About this task — Extract each line of the data below exactly as written.

Recorded information —
::::::::::

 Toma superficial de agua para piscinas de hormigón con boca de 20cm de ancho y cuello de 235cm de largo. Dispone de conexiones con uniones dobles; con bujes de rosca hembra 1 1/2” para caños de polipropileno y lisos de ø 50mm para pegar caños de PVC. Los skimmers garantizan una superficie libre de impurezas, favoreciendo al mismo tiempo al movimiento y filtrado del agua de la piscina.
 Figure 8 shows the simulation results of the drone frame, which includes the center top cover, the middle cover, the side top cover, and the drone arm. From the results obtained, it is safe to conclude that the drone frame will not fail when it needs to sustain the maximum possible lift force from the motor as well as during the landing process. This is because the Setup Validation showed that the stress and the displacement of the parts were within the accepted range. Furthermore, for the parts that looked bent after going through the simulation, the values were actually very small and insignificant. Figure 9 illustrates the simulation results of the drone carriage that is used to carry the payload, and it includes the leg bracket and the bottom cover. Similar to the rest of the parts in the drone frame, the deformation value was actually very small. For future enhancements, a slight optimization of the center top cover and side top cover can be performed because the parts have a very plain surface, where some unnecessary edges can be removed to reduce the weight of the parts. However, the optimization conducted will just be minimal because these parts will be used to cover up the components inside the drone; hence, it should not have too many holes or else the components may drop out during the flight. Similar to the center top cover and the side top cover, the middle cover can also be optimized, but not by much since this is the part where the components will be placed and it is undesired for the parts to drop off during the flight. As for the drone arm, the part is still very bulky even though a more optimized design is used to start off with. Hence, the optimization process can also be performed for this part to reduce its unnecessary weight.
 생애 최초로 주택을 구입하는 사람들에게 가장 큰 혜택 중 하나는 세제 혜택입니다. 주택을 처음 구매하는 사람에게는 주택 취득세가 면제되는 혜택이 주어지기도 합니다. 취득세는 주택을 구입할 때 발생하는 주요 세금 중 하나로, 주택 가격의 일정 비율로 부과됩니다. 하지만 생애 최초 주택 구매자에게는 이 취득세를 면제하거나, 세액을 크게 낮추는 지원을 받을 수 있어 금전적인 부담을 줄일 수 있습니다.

::::::::::

Reply —
 Toma superficial de agua para piscinas de hormigón con boca de 20cm de ancho y cuello de 235cm de largo. Dispone de conexiones con uniones dobles; con bujes de rosca hembra 1 1/2” para caños de polipropileno y lisos de ø 50mm para pegar caños de PVC. Los skimmers garantizan una superficie libre de impurezas, favoreciendo al mismo tiempo al movimiento y filtrado del agua de la piscina.
 Figure 8 shows the simulation results of the drone frame, which includes the center top cover, the middle cover, the side top cover, and the drone arm. From the results obtained, it is safe to conclude that the drone frame will not fail when it needs to sustain the maximum possible lift force from the motor as well as during the landing process. This is because the Setup Validation showed that the stress and the displacement of the parts were within the accepted range. Furthermore, for the parts that looked bent after going through the simulation, the values were actually very small and insignificant. Figure 9 illustrates the simulation results of the drone carriage that is used to carry the payload, and it includes the leg bracket and the bottom cover. Similar to the rest of the parts in the drone frame, the deformation value was actually very small. For future enhancements, a slight optimization of the center top cover and side top cover can be performed because the parts have a very plain surface, where some unnecessary edges can be removed to reduce the weight of the parts. However, the optimization conducted will just be minimal because these parts will be used to cover up the components inside the drone; hence, it should not have too many holes or else the components may drop out during the flight. Similar to the center top cover and the side top cover, the middle cover can also be optimized, but not by much since this is the part where the components will be placed and it is undesired for the parts to drop off during the flight. As for the drone arm, the part is still very bulky even though a more optimized design is used to start off with. Hence, the optimization process can also be performed for this part to reduce its unnecessary weight.
 생애 최초로 주택을 구입하는 사람들에게 가장 큰 혜택 중 하나는 세제 혜택입니다. 주택을 처음 구매하는 사람에게는 주택 취득세가 면제되는 혜택이 주어지기도 합니다. 취득세는 주택을 구입할 때 발생하는 주요 세금 중 하나로, 주택 가격의 일정 비율로 부과됩니다. 하지만 생애 최초 주택 구매자에게는 이 취득세를 면제하거나, 세액을 크게 낮추는 지원을 받을 수 있어 금전적인 부담을 줄일 수 있습니다.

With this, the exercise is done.